Prorrata del IVA: Qué es y cómo se aplica

Prorrata del IVA: Qué es y cómo se aplica
David Lobo David Lobo
Publicado el 21 junio, 2026 Actualizado el 9 julio, 2026 10 minutos de lectura

El IVA es uno de los impuestos más habituales en la actividad diaria de empresas y autónomos. Sin embargo, cuando una organización desarrolla actividades que generan derecho a deducir el IVA y otras que no permiten esa deducción, la gestión fiscal puede complicarse considerablemente. En estos casos entra en juego la denominada prorrata del IVA, un mecanismo que determina qué porcentaje del impuesto soportado puede recuperarse.

Aunque se trata de una figura contemplada desde hace años en la normativa tributaria, sigue generando numerosas dudas entre empresas, profesionales y asesorías. Saber cuándo debe aplicarse, cómo se calcula o qué diferencias existen entre la prorrata general y la prorrata especial resulta fundamental para evitar errores en las declaraciones fiscales y cumplir correctamente con las obligaciones tributarias.

En esta guía explicamos qué es la prorrata del IVA, cuándo debe aplicarse, qué tipos existen y cómo afecta a la deducción del impuesto soportado por empresas y autónomos.

¿Qué es la prorrata del IVA?

La prorrata del IVA es un mecanismo fiscal que limita el derecho a deducir el IVA soportado cuando una empresa o profesional realiza simultáneamente actividades que generan derecho a deducción y actividades que no lo generan.

En condiciones normales, una empresa puede deducirse el IVA soportado en las compras y gastos relacionados con su actividad económica.
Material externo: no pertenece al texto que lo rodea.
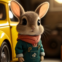 На картинке стоит маленький кролик перед старинным жёлтым автомобилем. У кролика большие уши, на нём голубая куртка с капюшоном и зелёный комбинезон. Вокруг шеи – коричневый шарф. Кажется, он смотрит прямо в камеру, с немного удивлённым выражением лица. Судя по машине и инструментам на заднем плане, действие происходит в гараже или мастерской.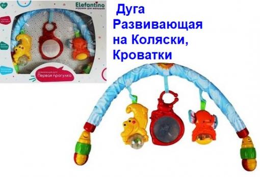 Дуга с подвесными погремушками, представленная производителем Elefantino, привлечет внимание малыша яркими цветами и порадует его симпатичным видом игрушек. Дуга изготовлена из пластика, на нее надет мягкий текстильный чехол. Подвесные игрушки изготовлены из текстиля, они снимаются с дуги. Сама дуга прикрепляется к кроватке или коляске при помощи специальных механизмов, которые просты в применении. Малыша позабавят приятные звуки, которые раздаются во время контакта с игрушками.

Sin embargo, cuando parte de su actividad está exenta de IVA y parte no lo está, no siempre resulta posible recuperar la totalidad del impuesto soportado.

La regla de prorrata sirve precisamente para determinar qué porcentaje del IVA puede deducirse en estos casos.

De esta forma, Hacienda busca que la deducción del impuesto sea proporcional a la actividad que realmente genera derecho a recuperar ese IVA.

Además, determinadas operaciones pueden tener implicaciones específicas en materia de tributación, especialmente cuando la empresa realiza operaciones dentro de la Unión Europea. En estos casos, conviene conocer también cómo funciona el IVA intracomunitario y qué obligaciones tiene la empresa.


¿Por qué existe la regla de prorrata?

El objetivo principal de la prorrata es garantizar una correcta aplicación del principio de neutralidad del IVA.

Si una empresa realiza actividades sujetas y no exentas de IVA, puede deducir el impuesto soportado en las compras relacionadas con dichas operaciones. Sin embargo, cuando también desarrolla actividades exentas, surge la dificultad de determinar qué parte de los gastos corresponde a unas actividades y cuáles a otras.

Sin la existencia de la prorrata, una empresa podría deducirse el 100 % del IVA soportado incluso cuando una parte importante de su actividad no genera derecho a deducción.

Por este motivo, la normativa establece un sistema que permite calcular de forma proporcional el IVA que puede recuperarse.


¿Cuándo se aplica la prorrata del IVA?

La prorrata se aplica cuando una empresa o profesional realiza simultáneamente:

  • Operaciones que generan derecho a deducción del IVA.
  • Operaciones exentas que no generan derecho a deducción.

Esta situación es más habitual de lo que parece y afecta a numerosas organizaciones de diferentes sectores.

Por ejemplo, una entidad puede prestar determinados servicios sujetos a IVA y, al mismo tiempo, realizar actividades exentas según la normativa tributaria.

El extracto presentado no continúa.